#### [Source material]
- - - - - - -

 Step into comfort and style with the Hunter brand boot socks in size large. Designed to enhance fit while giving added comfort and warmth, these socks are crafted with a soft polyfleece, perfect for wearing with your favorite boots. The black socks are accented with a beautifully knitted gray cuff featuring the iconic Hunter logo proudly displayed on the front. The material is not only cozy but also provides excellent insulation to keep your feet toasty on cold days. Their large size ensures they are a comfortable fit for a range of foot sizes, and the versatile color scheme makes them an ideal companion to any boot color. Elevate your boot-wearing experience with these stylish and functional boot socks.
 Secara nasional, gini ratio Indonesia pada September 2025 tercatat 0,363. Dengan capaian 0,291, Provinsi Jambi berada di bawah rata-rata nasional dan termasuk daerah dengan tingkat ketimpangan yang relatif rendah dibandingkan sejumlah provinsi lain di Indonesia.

- - - - - - -

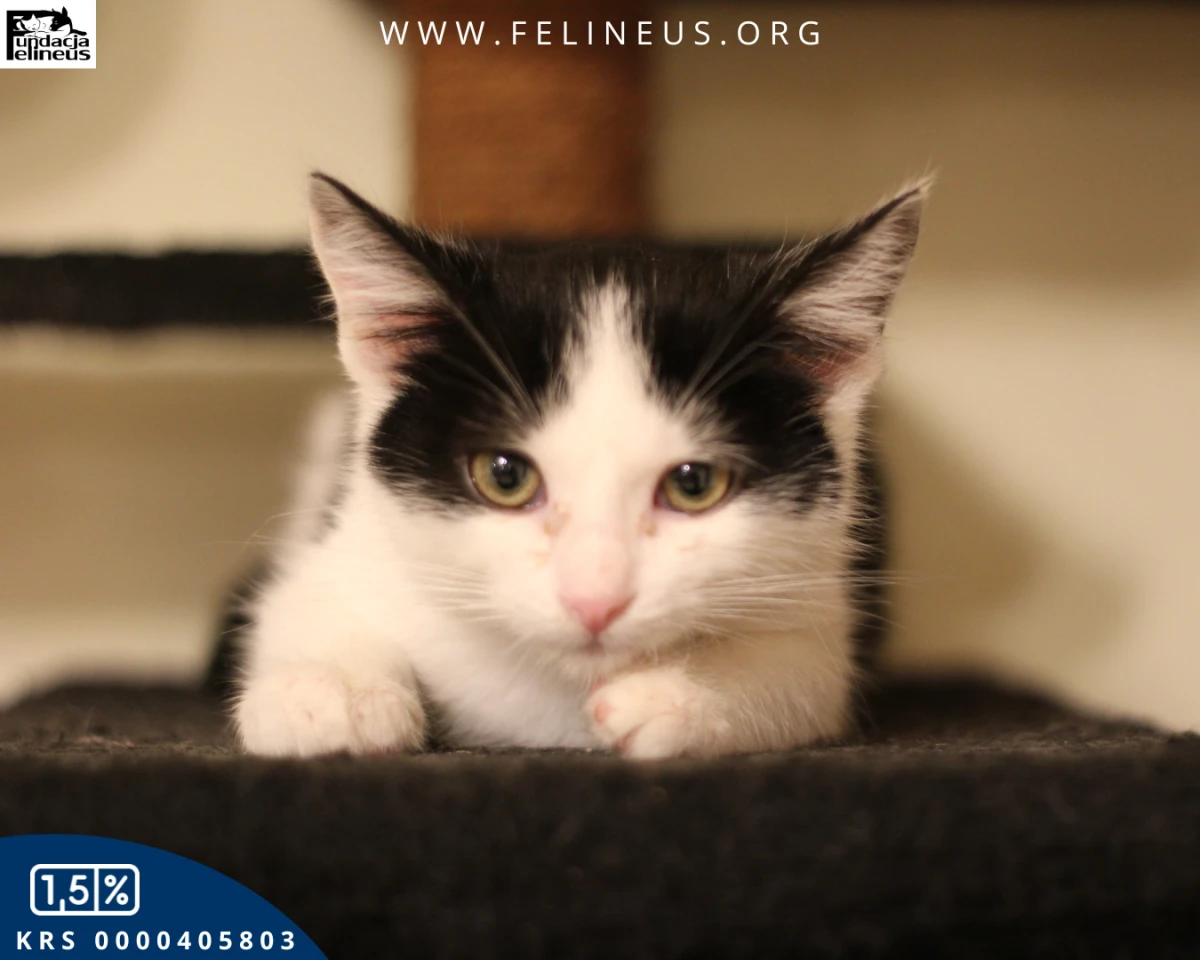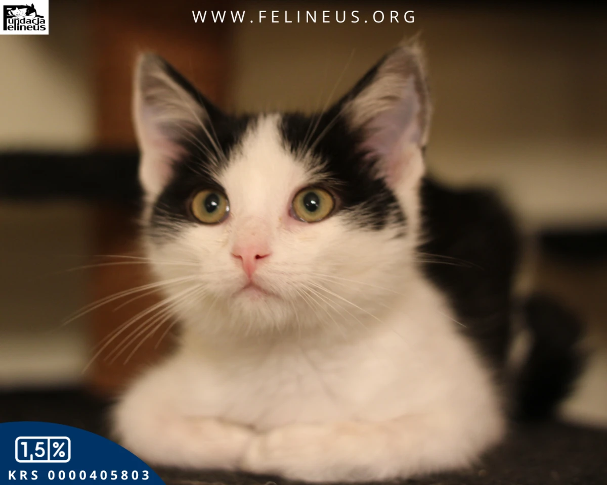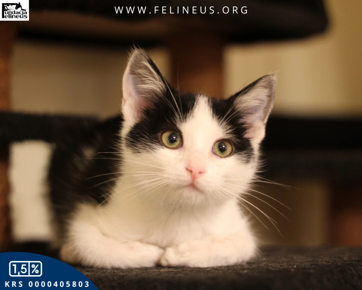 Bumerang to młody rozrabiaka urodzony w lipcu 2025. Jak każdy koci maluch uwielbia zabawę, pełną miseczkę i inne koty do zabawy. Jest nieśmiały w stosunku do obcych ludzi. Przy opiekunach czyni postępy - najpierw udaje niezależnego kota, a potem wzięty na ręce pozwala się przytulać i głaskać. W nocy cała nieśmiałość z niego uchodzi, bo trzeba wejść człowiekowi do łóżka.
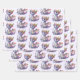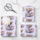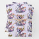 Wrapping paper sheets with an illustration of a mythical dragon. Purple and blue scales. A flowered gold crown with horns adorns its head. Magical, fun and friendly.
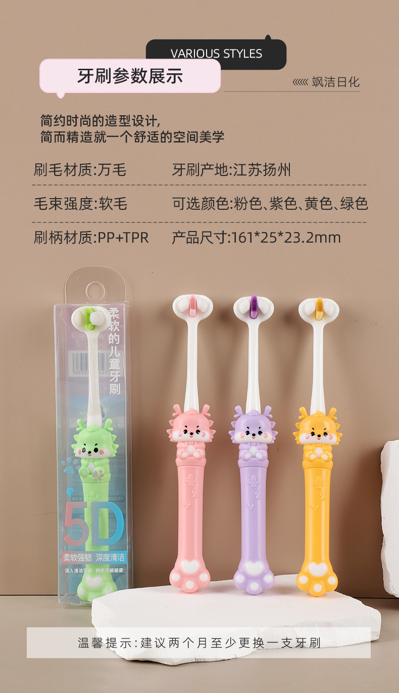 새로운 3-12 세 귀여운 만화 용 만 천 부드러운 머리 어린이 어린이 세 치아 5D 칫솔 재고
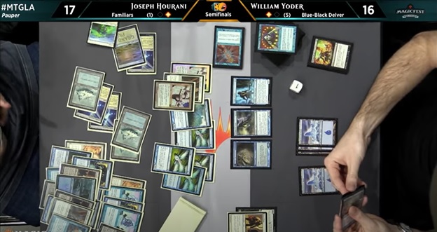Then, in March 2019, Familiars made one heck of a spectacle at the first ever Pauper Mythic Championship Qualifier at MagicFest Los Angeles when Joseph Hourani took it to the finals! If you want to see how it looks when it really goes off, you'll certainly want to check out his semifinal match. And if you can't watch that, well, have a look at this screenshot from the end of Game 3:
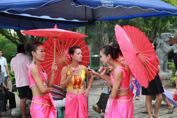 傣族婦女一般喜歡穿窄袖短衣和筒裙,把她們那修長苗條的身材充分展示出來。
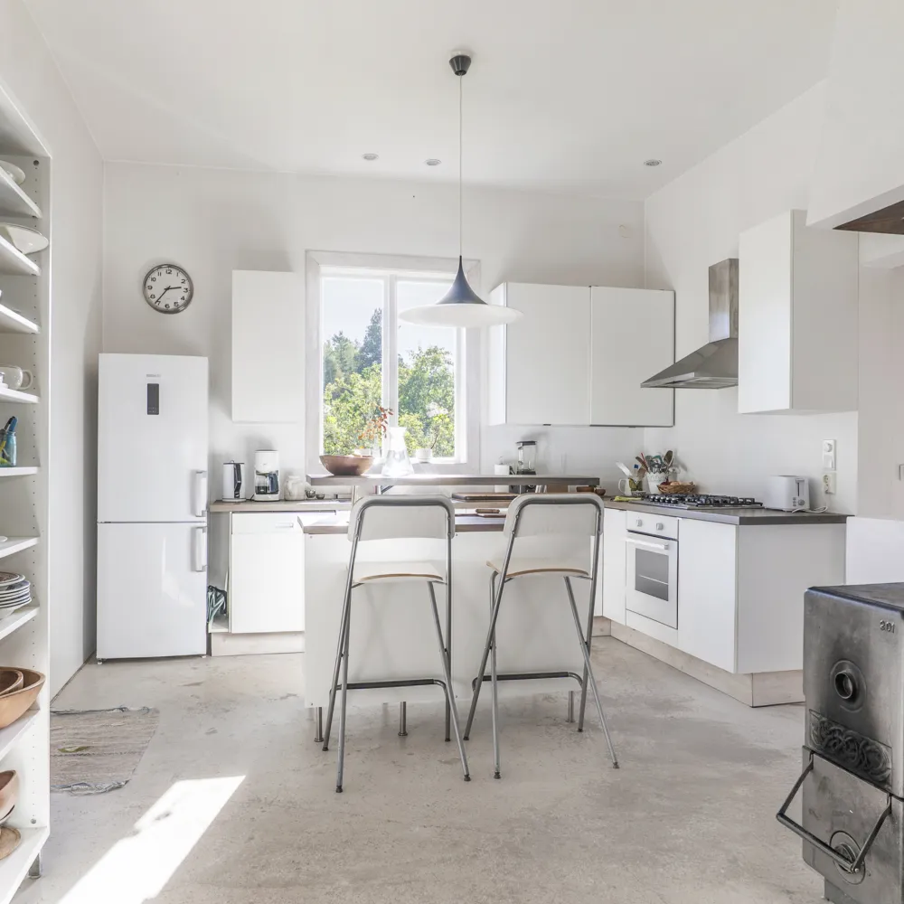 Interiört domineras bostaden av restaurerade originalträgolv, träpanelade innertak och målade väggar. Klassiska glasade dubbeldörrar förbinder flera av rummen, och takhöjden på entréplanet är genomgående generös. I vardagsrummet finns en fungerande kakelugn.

- - - - - - -

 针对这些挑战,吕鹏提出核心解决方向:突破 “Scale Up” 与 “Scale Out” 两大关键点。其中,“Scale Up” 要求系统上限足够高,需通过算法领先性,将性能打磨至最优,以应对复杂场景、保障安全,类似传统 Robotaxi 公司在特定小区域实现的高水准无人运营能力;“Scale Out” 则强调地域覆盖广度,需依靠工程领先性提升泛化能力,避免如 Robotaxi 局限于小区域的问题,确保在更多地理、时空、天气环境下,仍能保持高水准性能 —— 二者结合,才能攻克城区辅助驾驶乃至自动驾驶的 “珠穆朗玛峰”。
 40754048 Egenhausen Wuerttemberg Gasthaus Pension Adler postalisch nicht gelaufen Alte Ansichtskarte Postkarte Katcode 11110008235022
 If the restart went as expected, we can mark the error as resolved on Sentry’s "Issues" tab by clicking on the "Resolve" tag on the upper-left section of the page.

- - - - - - -

#### [Exercise prompt]
Working from the records above, write out verbatim only the lines from the line containing "Robotaxi 局限于小区域的问题,确保在更多地理、时空、天气环境下,仍能保持高水准性能 ——" through the line containing "If the restart".

#### [Response box]
 针对这些挑战,吕鹏提出核心解决方向:突破 “Scale Up” 与 “Scale Out” 两大关键点。其中,“Scale Up” 要求系统上限足够高,需通过算法领先性,将性能打磨至最优,以应对复杂场景、保障安全,类似传统 Robotaxi 公司在特定小区域实现的高水准无人运营能力;“Scale Out” 则强调地域覆盖广度,需依靠工程领先性提升泛化能力,避免如 Robotaxi 局限于小区域的问题,确保在更多地理、时空、天气环境下,仍能保持高水准性能 —— 二者结合,才能攻克城区辅助驾驶乃至自动驾驶的 “珠穆朗玛峰”。
 40754048 Egenhausen Wuerttemberg Gasthaus Pension Adler postalisch nicht gelaufen Alte Ansichtskarte Postkarte Katcode 11110008235022
 If the restart went as expected, we can mark the error as resolved on Sentry’s "Issues" tab by clicking on the "Resolve" tag on the upper-left section of the page.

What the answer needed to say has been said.